*** INFORMATION GIVEN Section Begins ***
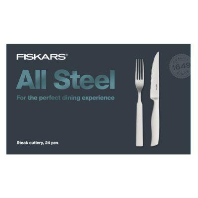 Τα μαχαιροπήρουνα για μπριζόλες Fiskars All Steel κατασκευάζονται από υψηλής ποιότητας ανοξείδωτο ατσάλι στο εργοστάσιο Sorsakoski στη Φινλανδία. Το σετ με πιρούνια και μαχαίρια 24 τεμαχίων σε μοντέρνο σχεδιασμό είναι σχεδιασμένο για 12 άτομα.
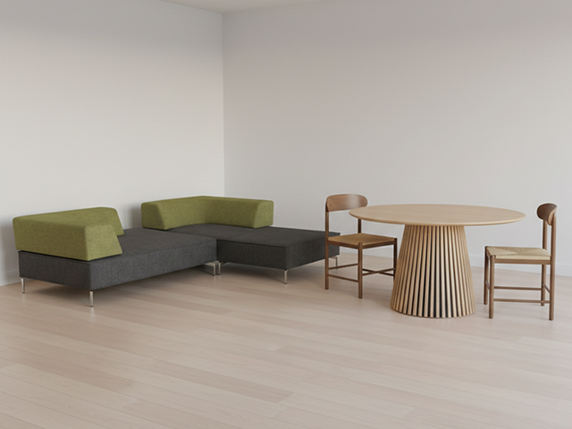 シートと背もたれのカラーを変えてコントラストを付ける事により、レイアウト変更時の表情の違いをお楽しみいただけるようになっています。
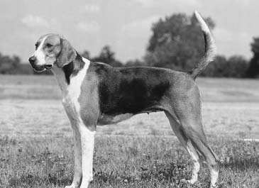 Temperament: Mellow, even tempered, calm; friendly and playful, but reserved with strangers. Strong trailing instincts make training difficult.
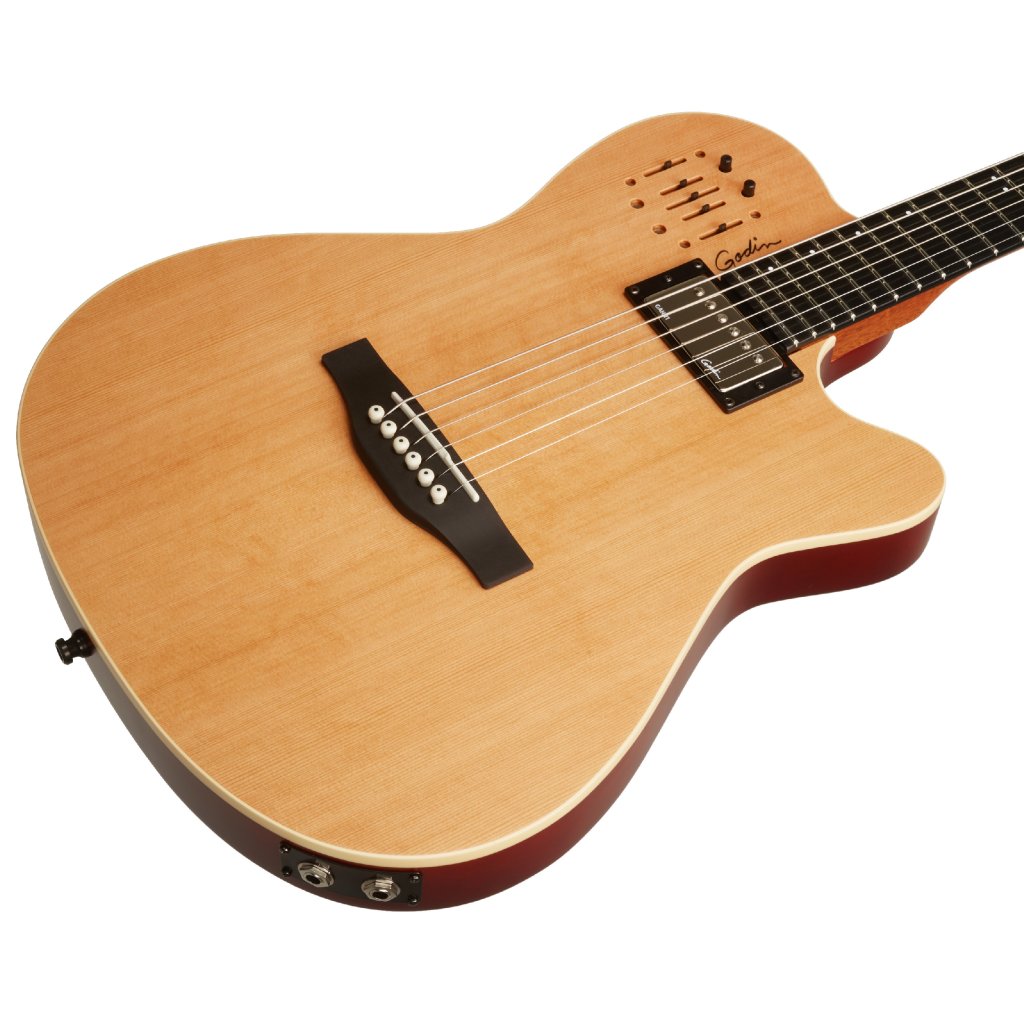 Godin tu použil duálny systém snímania zvuku. V prvom rade ide o piezo snímač Underdrive, ktorý je doplnený špeciálne vyvinutým predzosilňovačom s ovládaním hlasitosti a 3-pásmovým ekvalizérom. Druhým spôsobom je humbucker pri krku, označený ako Godin GHN1, ktorý má tiež ovládanie hlasitosti a 2-pásmový ekvalizér. Používajú sa aj dva výstupy, jeden pre čisto elektrický signál a druhý pre akustický mix.
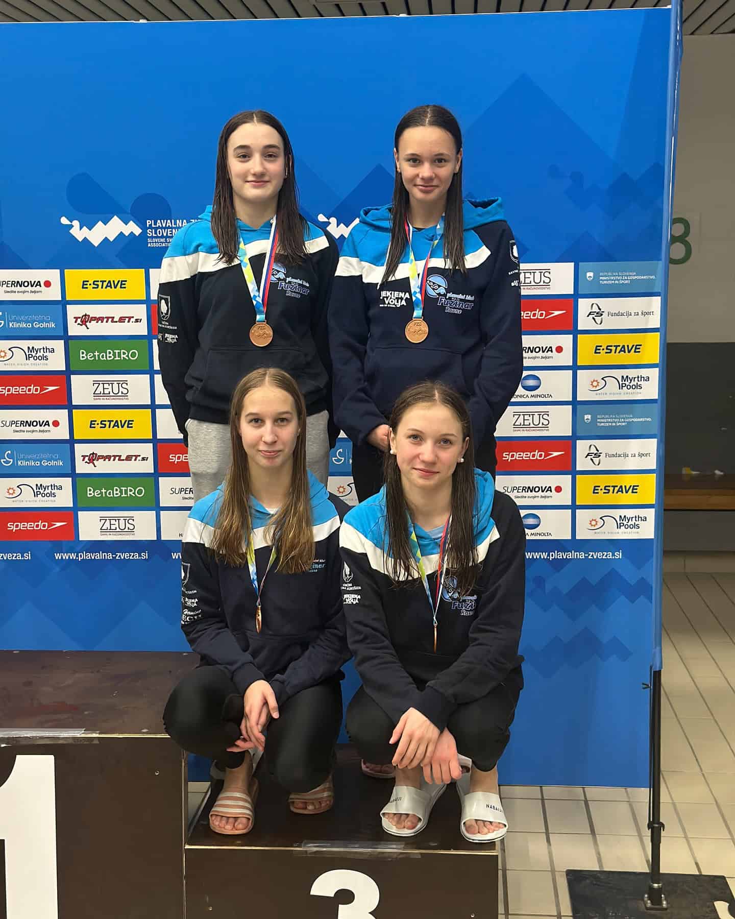 V popoldanskem delu si je ženska kadetska štafeta 4x200 prosto v postavi Aleksandra Gnamuš Šlebnik, Pia Božič, Lija Helbl in Zara Knez priplavala 3. mesto. Že dopoldne pa so si kadeti in kadetinje v mešani štafeti 4x100 prosto v postavi Nik Markač, Žan Luka Vušnik, Aleksandra Gnamuš Šlebnik in Pia Božič priplavali 3. mesto.
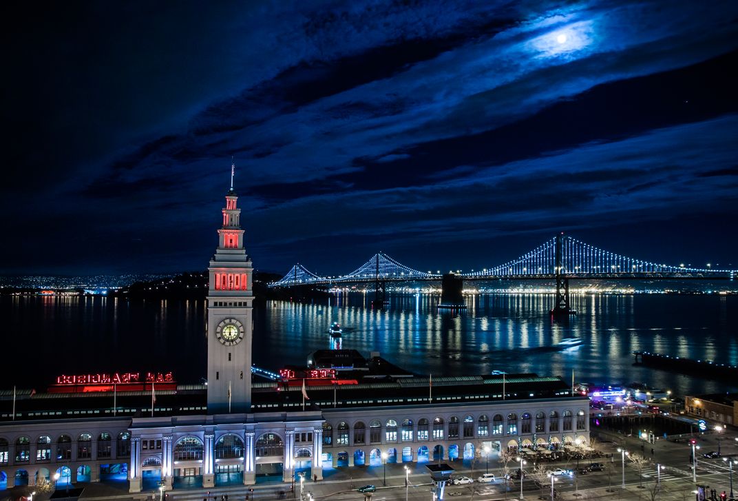 The Bay Lights and San Francisco Ferry Building under a rising full moon
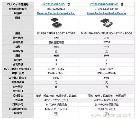例如在查找四相輸出升壓控制器時,得出Renesas公司的ISL78225ANEZ,再經(jīng)搜尋功能中“零件比較”的協(xié)助(如何比較?可訪問Digi-Key官網(wǎng)中「隱藏的搜索秘密」的零件搜索小技巧!)
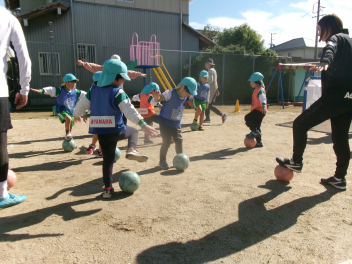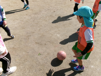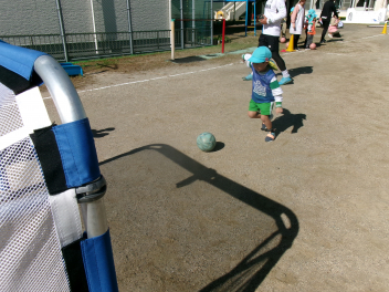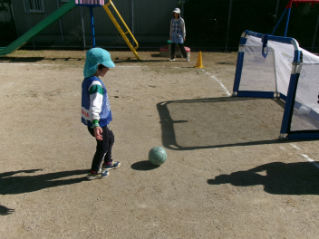 次は、足を使います。サッカーボールはやっぱり足が一番の友達です。
*** INFORMATION GIVEN Section Ends ***
- **ACTIVITY**:
Write out exactly the lines from the line that contains "The Bay Lights" through the end of the material, including both ends. No pictures belong in the copy.

- **COMPLETED TASK**:
 The Bay Lights and San Francisco Ferry Building under a rising full moon
例如在查找四相輸出升壓控制器時,得出Renesas公司的ISL78225ANEZ,再經(jīng)搜尋功能中“零件比較”的協(xié)助(如何比較?可訪問Digi-Key官網(wǎng)中「隱藏的搜索秘密」的零件搜索小技巧!)
 次は、足を使います。サッカーボールはやっぱり足が一番の友達です。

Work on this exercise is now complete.